Ao final, surgiu outra questão interessante: como entender os dados estatísticos segundo os quais as taxas de suicídio aumentaram nos últimos anos? Apesar das minhas reservas quanto ao uso superficial das pesquisas estatísticas, especialmente quando vinculadas à patologização da vida contemporânea, eu me propus o desafio de pensar o quê poderia explicar o suposto aumento nos casos de suicídio. Novamente, devemos tomar cuidado para não recairmos na estereotipia discutida anteriormente, sobre um passado idílico perdido e um presente vazio de sentido e de afeto. Ainda assim, há um elemento característico da modernidade que se intensificou especialmente nas últimas décadas e possivelmente esteja relacionado ao aumento nas tentativas de suicídio: a mudança na experiência temporal.
No encontro do Liceu, eu dei o exemplo das cartas. Quando se enviava cartas, era sabido que elas demorariam dias até chegarem a seus destinos, que a pessoa poderia demorar dias para escrever uma resposta, a qual, por sua vez, demoraria mais alguns dias pra chegar. Ou seja, entre os estados de expectativa, preocupação e frustração podiam se passar dias, semanas, um tempo importante para refletir e conferir a devida relevância ao tema em questão. Ao contrário, quando se envia uma mensagem pelo WhatsApp o júbilo ou sofrimento são instantâneos. Uma resposta ruim chega tão rapidamente que não deixa tempo para amadurecer a reação, a qual precisa ser imediata.
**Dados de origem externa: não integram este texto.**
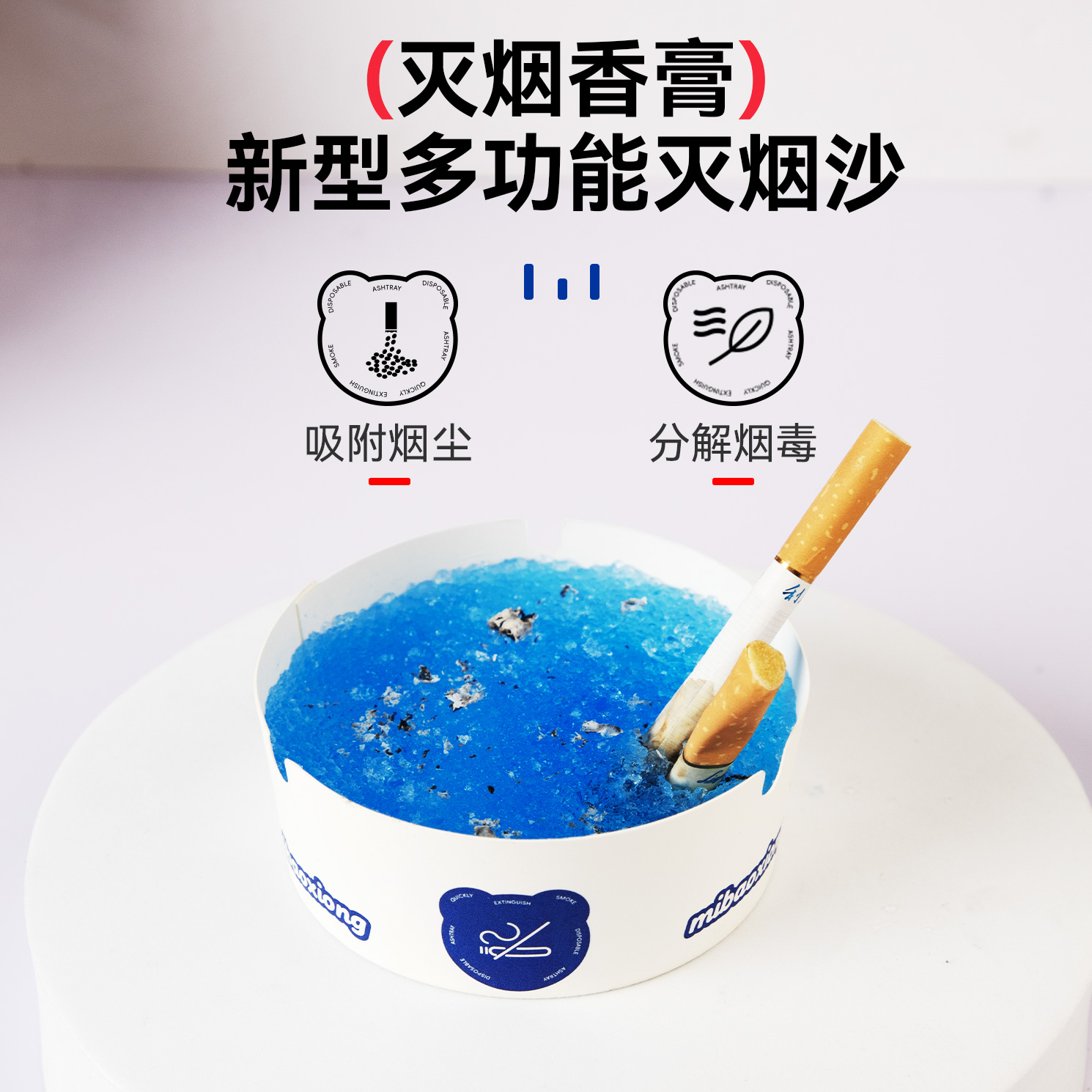 创意自带灭烟沙一次性烟灰缸加厚加硬办公室防烟味飞灰便携客厅

Essa comparação banal visa ilustrar uma mudança na cultura, caracterizada pela diminuição no tempo entre estímulo e resposta, fundamento de minha hipótese sobre o aumento no índice de suicídios. E se não cabe voltar a escrever cartas, o que pode fazer um pai para ajudar seu filho a suportar uma experiência temporal mais distendida? Bom, se tem uma coisa que todo pai e toda mãe sabem é que existem momentos difíceis na vida, momentos tristes, momentos de desesperança. Todos já fomos adolescentes e passamos por essas experiências. O grande desafio é encontrar uma forma de transmitir esse saber aos filhos sem menosprezar o sofrimento que eles vivenciam. Dizer simplesmente que aquilo vai passar – como se fosse uma gripe – pode ser sentido como uma grave violência. É preciso transmitir a experiência de que a tristeza pode ser tolerada e ao mesmo tempo, legitimar o sofrimento. É nessa condição paradoxal que se torna possível simultaneamente tolerar a duração temporal de um sofrimento e confiar na possibilidade de sua superação.
Enfim, essa conversa não teve como objetivo dirimir todas as dúvidas, tampouco acabar com as angústias parentais. Ao contrário, trata-se de aproveitar esse momento de angústia para repensar as relações com nossos filhos, refletir sobre o lugar da escola e avaliar criticamente as idealizações de felicidade e sucesso. Afinal, não queremos apenas que nossos filhos não se suicidem; queremos que eles desenvolvam suas potencialidades, inventem seus desejos e vivam intensamente.